An ionic compound \(\mathrm{MX}_{3}\) is prepared according to the following unbalanced chemical equation. $$ \mathrm{M}+\mathrm{X}_{2} \longrightarrow \mathrm{MX}_{3} $$ A \(0.105-g\) sample of \(X_{2}\) contains \(8.92 \times 10^{20}\) molecules. The compound \(\mathrm{MX}_{3}\) consists of \(54.47 \% \mathrm{X}\) by mass. What are the identities of \(\mathrm{M}\) and \(\mathrm{X}\), and what is the correct name for \(\mathrm{MX}_{3}\) ? Starting with \(1.00 \mathrm{~g}\) each of \(\mathrm{M}\) and \(\mathrm{X}_{2}\), what mass of \(\mathrm{MX}_{3}\) can be prepared?

Since we know the mass and the number of molecules of X2, we can calculate the molecular mass and find out the identity of X. Molecular mass of X2 = (Mass of X2) / (Number of moles of X2) 1 mole = \(6.022 \times 10^{23}\) molecules. So, Number of moles of X2 = (Number of molecules of X2) / (Avogadro's number) = \(8.92 \times 10^{20}\) molecules / \(6.022 \times 10^{23}\) molecules/mole = 1.4818 x 10^(-3) moles of X2 Now, plug the values into the formula: Molecular mass of X2 = 0.105 g / 1.4818 x 10^(-3) moles = 70.8 g/mol Since there are two atoms of X in X2, the molar mass of X = 70.8 g/mol / 2 = 35.4 g/mol. The element with this approximate molar mass is Chlorine (Cl).

We know that in compound MX3, the mass percentage of X is 54.47%. Therefore, the mass percentage of M is 100% - 54.47% = 45.53%. Let the molar mass of one mole of MX3 be x g/mol. We can now write the equation using mass percentages and molar masses: (3 x (Molar mass of X) / (Molar mass of MX3)) x 100 = 54.47 (3 x 35.4) / x = 0.5447 Now, solve for x: x = (3 x 35.4) / 0.5447 x = 194.74 g/mol (Molar mass of MX3) To find the molar mass of M, subtract the mass of three moles of Cl: Molar mass of M = 194.74 g/mol - (3 x 35.4 g/mol) = 194.74 g/mol - 106.2 g/mol = 88.54 g/mol The element with this approximate molar mass is Strontium (Sr).

We have determined the identities of elements M and X as Strontium (Sr) and Chlorine (Cl), respectively.
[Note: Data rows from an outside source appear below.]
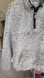 Cozy sherpa pullover with a half-zip design. Features a black and white pattern. With a front pocket.
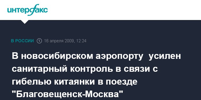 В свою очередь, главный государственный санитарный врач по Западно-Сибирской железной дороге Галина Афанасьева сказала агентству, что поезд "Благовещенск-Москва", где в среду скончалась гражданка Китая, через железнодорожную станцию "Новосибирск-главный" проходил в полпервого ночи по местному времени 13 апреля.
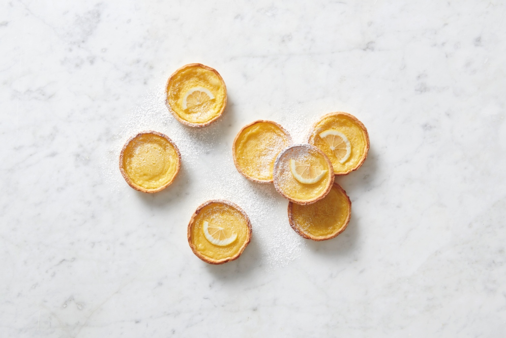 5. Per la crema, grattugiate finemente la scorza dei limoni. Spremete un terzo dei limoni. Mescolate le uova con lo zucchero. Incorporate la crème fraîche, la scorza e il succo di limone. Distribuite la crema nelle tartellette e infornate per circa 30 minuti. Sfornate e lasciate intiepidire.
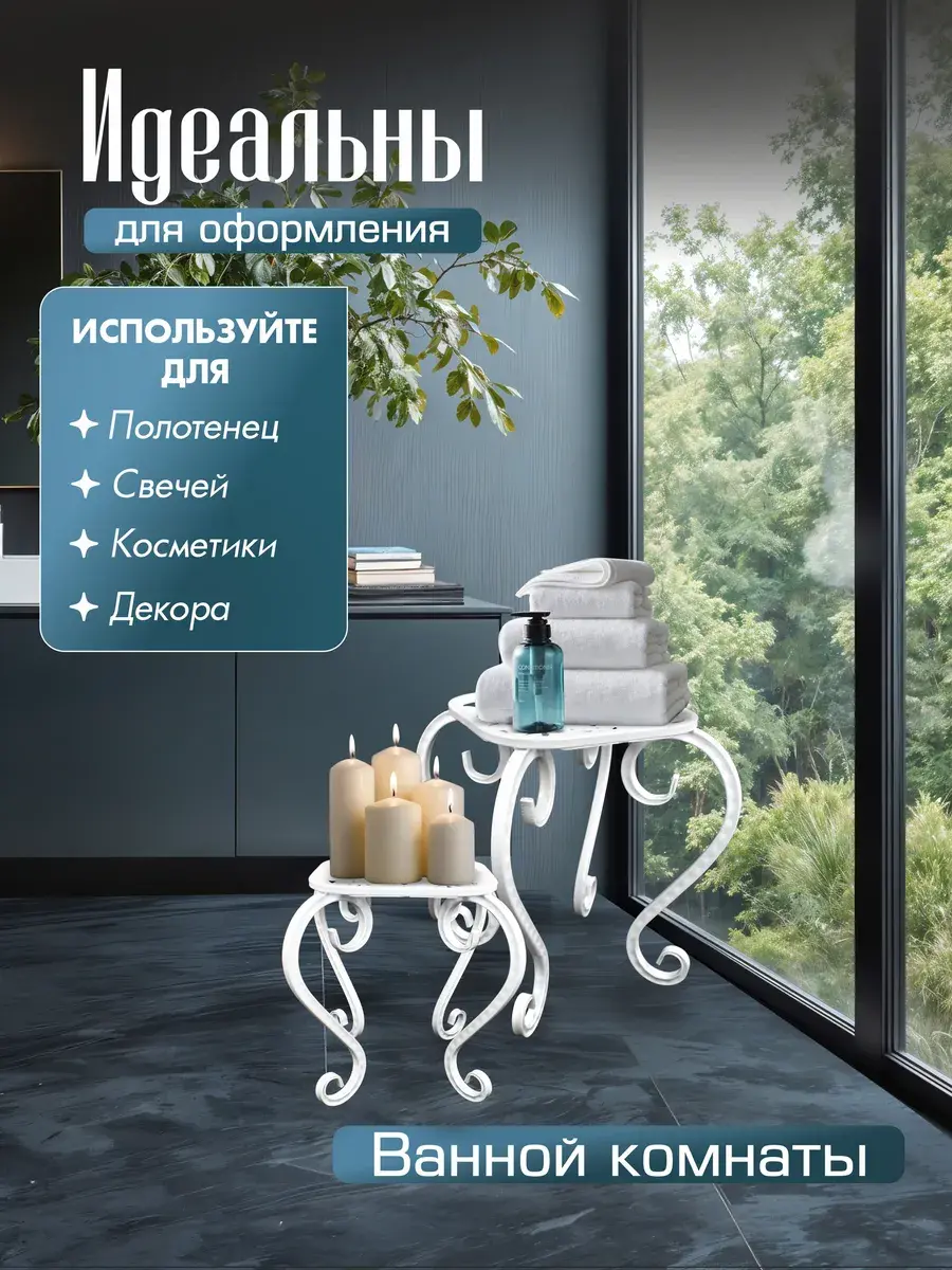 Это напольные подставки для цветов и не только. На них будут гармонично смотреться различные предметы интерьера. Такие подставки из металла можно расположить в ванной, столовой, гостиной или в прихожей. Они станут выразительным акцентом.

Therefore, the ionic compound MX3 can be written as SrCl3 and is named Strontium Chloride.

We start with 1g each of M (Strontium) and X2 (Chlorine), so we need to find the moles of M and X2: Moles of Strontium = mass / molar mass = 1/88.54 = 0.0113 moles Moles of Chlorine = mass / molar mass = 1/70.8 = 0.0141 moles Since the molar ratio of Sr:Cl in SrCl3 is 1:3, we need 0.0113 moles of Sr and 0.0339 moles of Cl. But we only have 0.0141 moles of Cl available. As Cl is present in a lesser amount, it is now the limiting reagent. Now, calculate the mass of SrCl3 that can be prepared using the limiting reagent Cl: moles of SrCl3 = moles of Cl / 3 mass of SrCl3 = moles of SrCl3 x molar mass of SrCl3 = (0.0141 / 3) x 194.74 = 0.919 g Thus, starting with 1g of Strontium and 1g of Chlorine, 0.919 g of Strontium Chloride (SrCl3) can be prepared.